Chicago’s Only Medicinal Garden is Fighting Cancer with Plants

August 20, 2013 at 10:16 AM Leave a comment

MEDICAL DISTRICT — Don’t let the white lab coat fool you. Dr. Djaja Doel Soejarto can navigate the outdoors just as well as he can a pharmaceutical research lab.

Soejarto is the director of the Dorothy Bradley Atkins Medicinal Garden — a small garden on the southeast corner of Polk and Wood Streets on the University of Illinois Chicago’s West Campus.

The garden — which boasts more than 200 species of medicinal plants — will be the centerpiece of a celebratory event at the campus on Friday from 10 a.m. to 3 p.m. Volunteer guides will bring visitors through the garden, and Barbara Timmerman, a distinguished professor of medicinal chemistry at the University of Kansas, will give the event’s keynote lecture at noon.

“Many people have heard about medicinal plants, but many have not seen the plants,” said Soejarto, who is also a professor of pharmacognosy at UIC. “They will have a better understanding of the medicinal property and the scientific value of the plant.”

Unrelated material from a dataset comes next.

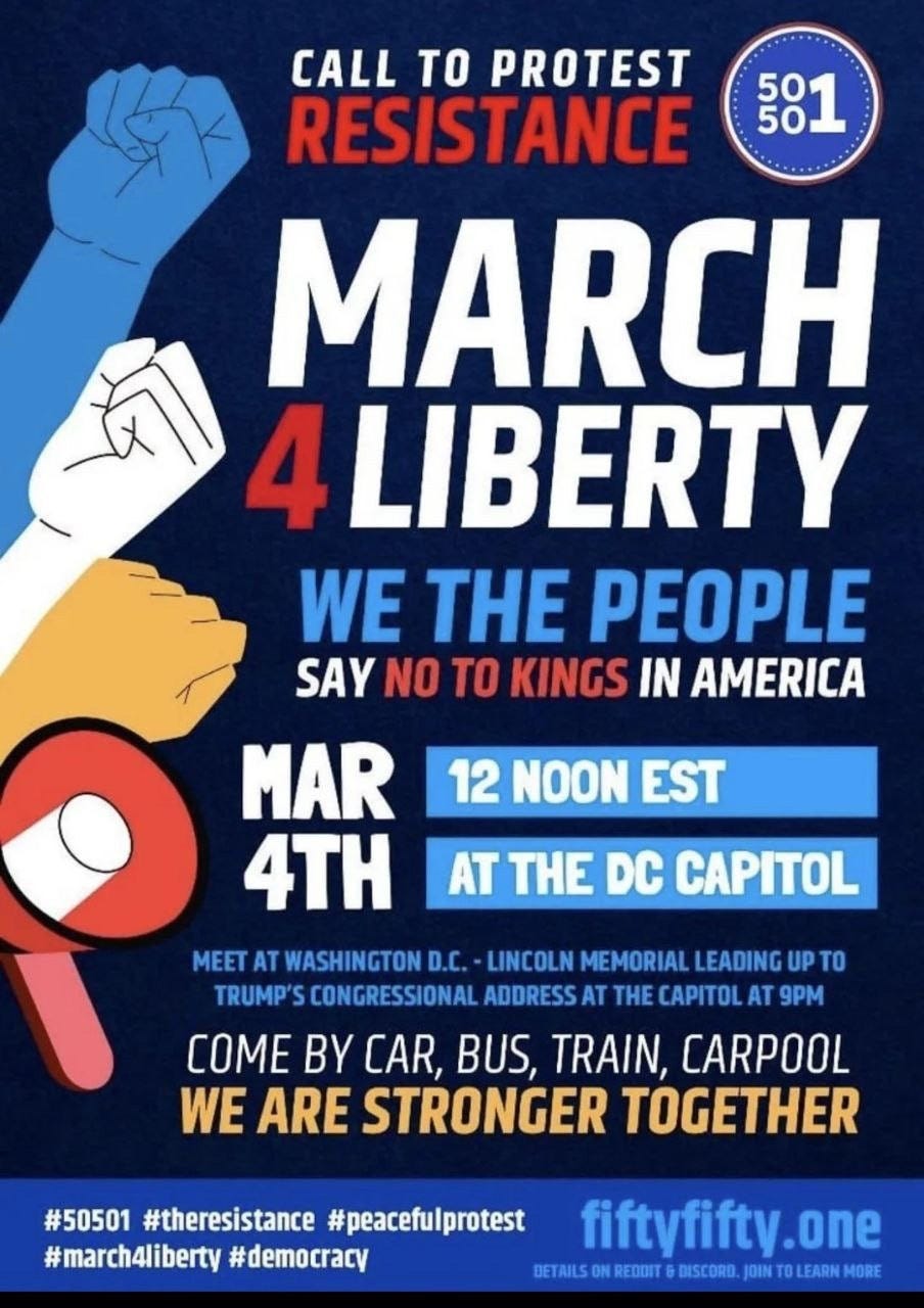 What happened: Thousands of protesters gathered in cities across the United States to demonstrate against recent actions by the Trump administration and Elon Musk's Department of Government Efficiency (DOGE). Protesters targeted Tesla stores, federal buildings, and other symbolic locations to voice opposition to government cuts, immigration policies, and Musk's role in slashing federal jobs and programs. The protests were part of a coordinated nationwide movement using hashtags like #50501 and #TeslaTakedown.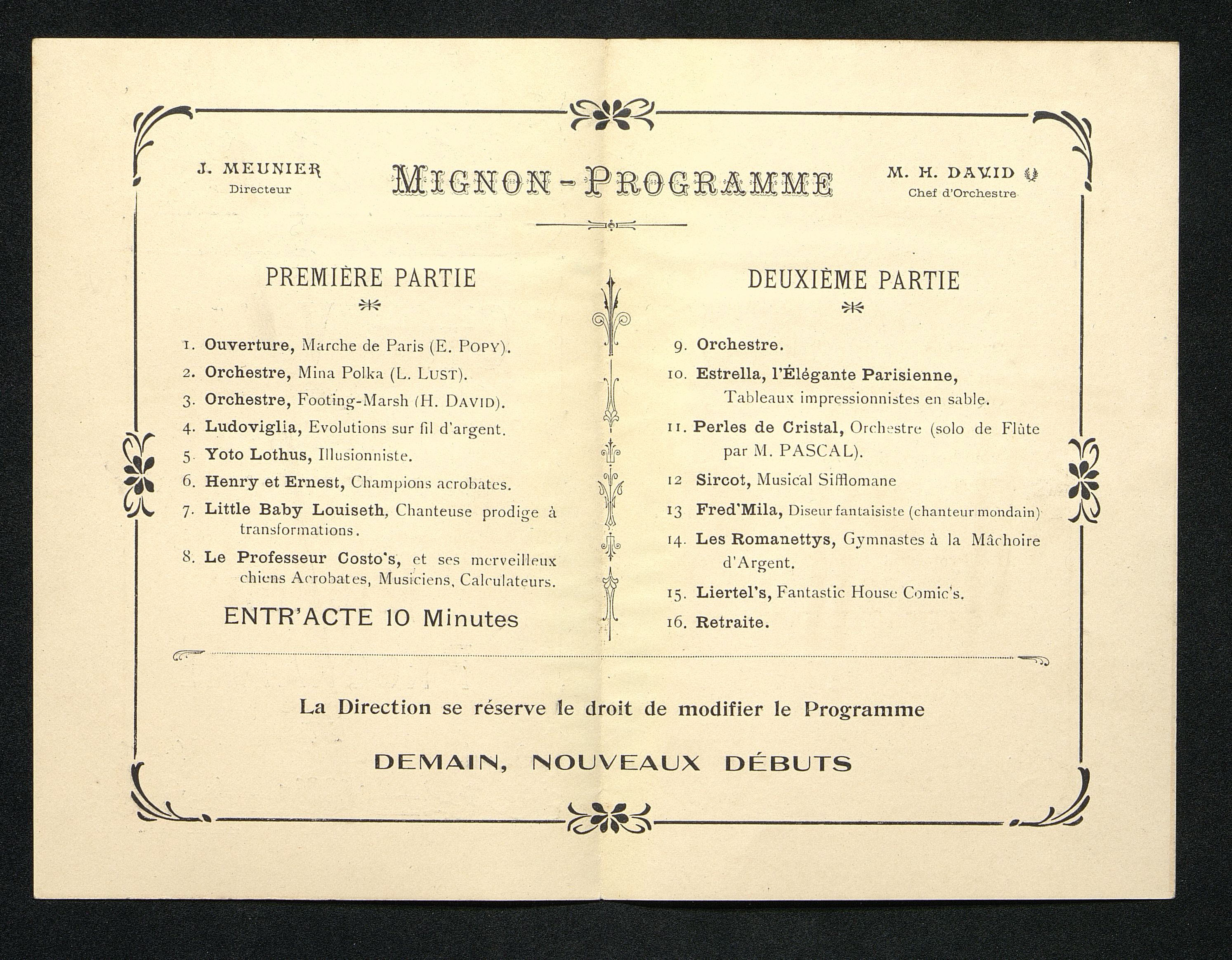 Programme : Première partie : Ouverture, Marche de Paris / E. Popy(sic). Mina Polka / L. Lust ; Orchestre. Footing-Marsh/ H. David ; Orchestre. Illusionniste / Yoto Lothus. Champions acrobates / Henry et Ernest. Chanteuse prodige à transformations. Merveilleux chiens acrobates / Le Professeur Costo's . Entr'acte. Deuxième partie : Orchestre. Tableaux impressionnistes en sables / Estrella. Perles de Cristal / M. Pascal. Musical Sifflomane / Sircot. Diseuse fantaisite : chanteur mondain / Fred' Mila. Gymnastes à la mâchoire d'argent / Les Romanettys. Fantastic House Commic's. Retraite.

Soejarto said many of the plants in the garden can be found in drugs that are used in hospitals every day for cancer, heart disease and menopause.

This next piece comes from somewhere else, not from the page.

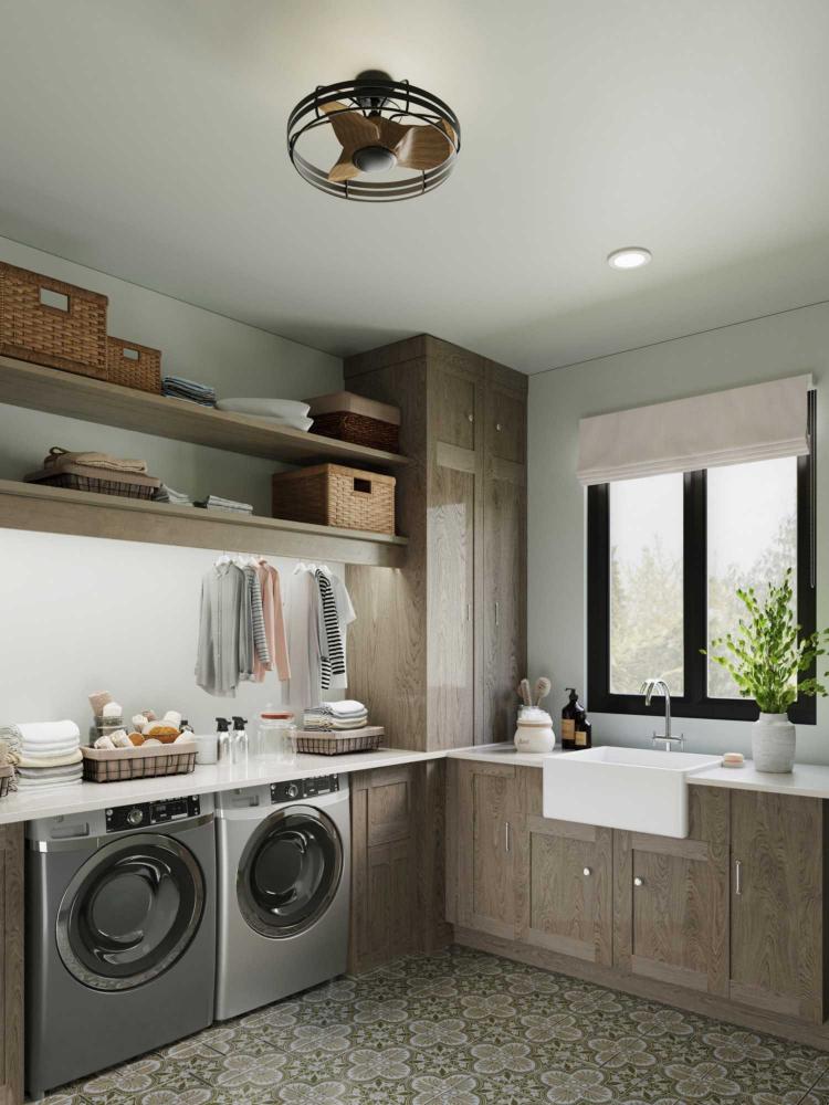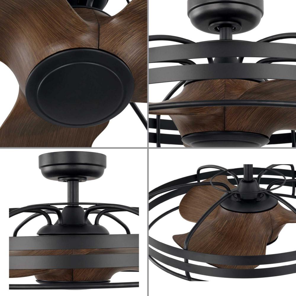 Three curved ABS fan blades for better air movement, blades are hand finished in an Aged Oak with an outer cage finished in Graphite

Despite the garden’s many medicinal features, Soejarto cautions against self-prescribing a plant for an ailment.

“Many of the plants that produce drugs actually are a poison,” said Soejarto. “It is medicine in a dose that is regulated, but when you take too much, it can kill you. You have to watch out.”

For a mini-tour of the garden and its most hardworking plants, watch the video here:



Entry filed under: To Your Health!.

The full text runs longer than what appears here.